▶ Records for processing
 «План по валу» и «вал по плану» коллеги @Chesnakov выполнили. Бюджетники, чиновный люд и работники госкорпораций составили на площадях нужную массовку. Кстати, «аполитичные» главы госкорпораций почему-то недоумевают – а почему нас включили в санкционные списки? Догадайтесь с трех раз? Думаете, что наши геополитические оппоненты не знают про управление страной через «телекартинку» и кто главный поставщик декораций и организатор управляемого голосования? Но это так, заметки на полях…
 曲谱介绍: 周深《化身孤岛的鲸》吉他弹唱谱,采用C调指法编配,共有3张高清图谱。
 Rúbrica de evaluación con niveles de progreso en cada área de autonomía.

--

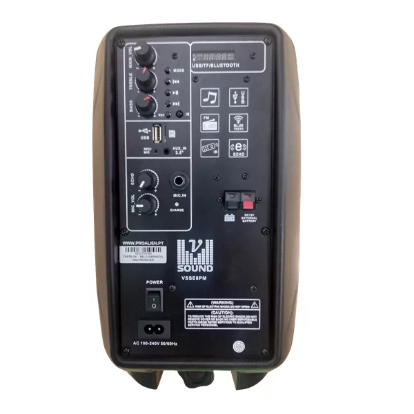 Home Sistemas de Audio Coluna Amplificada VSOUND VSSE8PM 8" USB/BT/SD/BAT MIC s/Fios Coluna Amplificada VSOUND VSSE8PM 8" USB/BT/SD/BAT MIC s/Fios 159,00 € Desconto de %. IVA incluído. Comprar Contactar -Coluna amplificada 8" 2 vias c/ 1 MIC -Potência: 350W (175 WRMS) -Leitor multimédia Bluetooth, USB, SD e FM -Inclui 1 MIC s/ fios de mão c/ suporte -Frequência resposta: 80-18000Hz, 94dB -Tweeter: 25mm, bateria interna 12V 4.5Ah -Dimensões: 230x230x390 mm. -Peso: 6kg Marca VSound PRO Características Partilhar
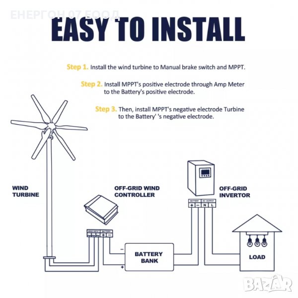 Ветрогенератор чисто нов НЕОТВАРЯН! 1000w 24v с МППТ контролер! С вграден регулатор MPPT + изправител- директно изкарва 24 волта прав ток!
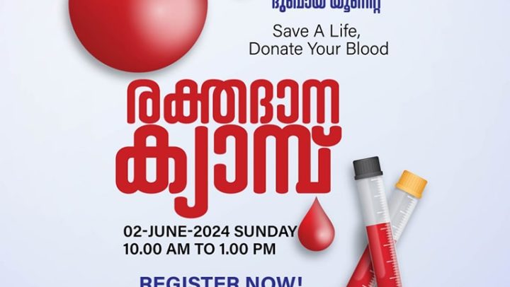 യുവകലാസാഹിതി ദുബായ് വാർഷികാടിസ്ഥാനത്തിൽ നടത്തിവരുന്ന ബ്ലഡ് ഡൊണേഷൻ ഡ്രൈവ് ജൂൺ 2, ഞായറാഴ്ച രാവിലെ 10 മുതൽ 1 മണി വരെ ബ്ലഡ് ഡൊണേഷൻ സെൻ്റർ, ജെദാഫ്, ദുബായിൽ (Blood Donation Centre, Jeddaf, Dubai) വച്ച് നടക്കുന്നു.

▶ Exercise instructions
Starting with the line above that holds "曲谱介绍: 周深《化身孤岛的" and stopping with the line that holds "Rúbrica de evaluación", reproduce each line exactly, omitting all other lines.

▶ Task solution
 曲谱介绍: 周深《化身孤岛的鲸》吉他弹唱谱,采用C调指法编配,共有3张高清图谱。
 Rúbrica de evaluación con niveles de progreso en cada área de autonomía.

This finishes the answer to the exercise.